# Ancient Greek: ἐλευθερια etymology, root?



## MindBoggle

Hello everybody. 

I need some help with the etymology of ἐλευθερια.

From which root has it been derived? I can't seem to find any suitable candidates.

I'm thinking it might be from εκ plus λυω 'out of bondage' but the form doesn't look right.

Does anybody have any ideas?

All the best.
MindBoggle


----------



## apmoy70

Hi MindBoggle,

*«Ἐλευθερία»* is not a cognate of «λύω».
It's a Greek word, ancient (Mycenaean syllabary: e-re-u-te-ra) and of the same proto-Indoeuropean root with the Latin adj. līber (masc.), lībera (fem.), līberum (neut.), Old-Church-Slavonic людиє (people), Proto-Germanic *liudiz (Eng. dialectal lede, Ger. Leute). The reconstructed root is *h₁leudʰ-o-/ *h₁leudʰ-i- and means _people_. The thinking is that līber/ἐλεύθερος is the free man, who belongs to his people, as opposed to subjected peoples.


----------



## Andrious

Well, there are quite many possibilities. Here's one: http://www.ellopos.net/mail/the-word-freedom.html
If you understand greek, you'll find many more in the web.


----------



## ireney

Andrious where are the supporting documents for such an etymology?


----------



## Andrious

Well, you'll find quite a lot stuff just googling _ετυμολογία ελευθερίας_. It's an easy (and hard, at the same time) task.


----------



## ireney

No, I do not mean that many say this or that. You know and I know that false etymologies have many supporters and that the Interent has helped promulgate many of those.
 I mean documents showing where/what they base their belief at and who of the community of linguist experts supports it and based on which linguistic principles. Since I agree with ampoy and so do all the linguists I know of, I'm afraid the burden of proof falls squarely on you


----------



## Andrious

Well, ancient greek is not my strong point...  In fact, I barely passed this lesson in high school...  So, I guess the burden of proof falls squarely on someone else


----------



## apmoy70

Andrious said:


> Well, there are quite many possibilities. Here's one: http://www.ellopos.net/mail/the-word-freedom.html
> If you understand greek, you'll find many more in the web.

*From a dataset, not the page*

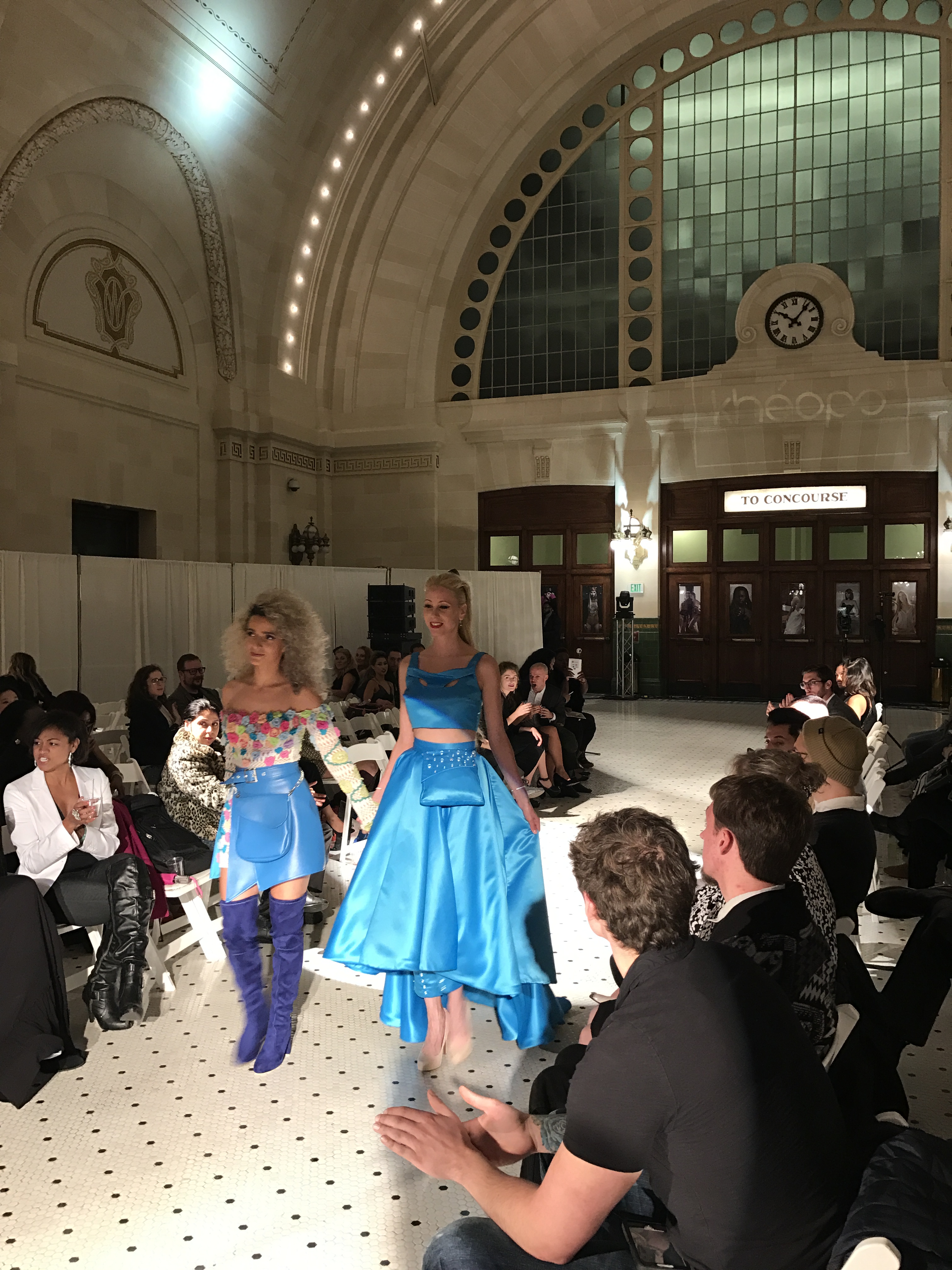 It all started Friday night in Seattle’s historic train station, which was completely revamped into a fashion venue to host a ready-to-wear runway show. Seattle local artist Shaprice shook the audience with a haunting performance of her latest new record, which at some point felt more like a concert than a fashion show. After the incredible opening, the show started off with the first of nine distinguished designers: Tristen Mickelson. This young designer, at just 17 years old, is renovating the world of fashion with his unique aesthetic and his bold, futuristic designs. A large, pointed sleeve blouse in black leather, Star Wars-like hoodies and shirts, and long, oversized tees and camo jackets, were some of the pieces the talented designer presented. This was a great way to start the show and I can’t wait to see more of his work later this year. Next came acclaimed women ready-to-wear designer Nebulae, who presented neutral tones with geometric designs on her dresses and some very interesting asymmetrical cuts in beautiful prints. I really liked her way of playing with space and proportion in such interesting materials, especially with the negative space.

Ellopos is a great site, with abundant information resources about the language, but I'm afraid one should take its etymology section with a pint of salt


----------



## MindBoggle

apmoy70 said:


> Hi MindBoggle,
> 
> *«Ἐλευθερία»* is not a cognate of «λύω».
> It's a Greek word, ancient (Mycenaean syllabary: e-re-u-te-ra) and of the same proto-Indoeuropean root with the Latin adj. līber (masc.), lībera (fem.), līberum (neut.), Old-Church-Slavonic людиє (people), Proto-Germanic *liudiz (Eng. dialectal lede, Ger. Leute). The reconstructed root is *h₁leudʰ-o-/ *h₁leudʰ-i- and means _people_. The thinking is that līber/ἐλεύθερος is the free man, who belongs to his people, as opposed to subjected peoples.



Thank you apmoy, that's very enlightening! 
Do you happen to know the sanskrit cognate to *h₁leudʰ-o-/ *h₁leudʰ-i-? 'People' in sanskrit is generally _janā_, but sometimes _laukika_ (meaning 'of the world') is used. Laukika sounds closer to Leute but looks like a standard derivation from_ loka_ ('world'). 

(addition)

I just found this page: http://www.utexas.edu/cola/centers/lrc/ielex/X/P1190.html
There is no sanskrit cognate listed. May I conclude, therefore, that none exists?

MindBoggle


----------



## apmoy70

MindBoggle said:


> Thank you apmoy, that's very enlightening!
> Do you happen to know the sanskrit cognate to *h₁leudʰ-o-/ *h₁leudʰ-i-? 'People' in sanskrit is generally _janā_, but sometimes _laukika_ (meaning 'of the world') is used. Laukika sounds closer to Leute but looks like a standard derivation from_ loka_ ('world').
> 
> (addition)
> 
> I just found this page: http://www.utexas.edu/cola/centers/lrc/ielex/X/P1190.html
> There is no sanskrit cognate listed. May I conclude, therefore, that none exists?
> 
> MindBoggle


Actually there does exist a Skt. cognate: वीरुधा (vIrudh) --> _plant_ (*h₁leudʰ-o-/ *h₁leudʰ-i- means also _to grow_)


----------



## MindBoggle

apmoy70 said:


> Actually there does exist a Skt. cognate: वीरुधा (vIrudh) --> _plant_ (*h₁leudʰ-o-/ *h₁leudʰ-i- means also _to grow_)



vīrudh is just the prefix vi + rudh, but rudh by itself means grow and definitely looks like a cognate. Thanks a lot.  Where did you find this information?


----------



## sotos

apmoy70 said:


> Actually there does exist a Skt. cognate: वीरुधा (vIrudh) --> _plant_ (*h₁leudʰ-o-/ *h₁leudʰ-i- means also _to grow_)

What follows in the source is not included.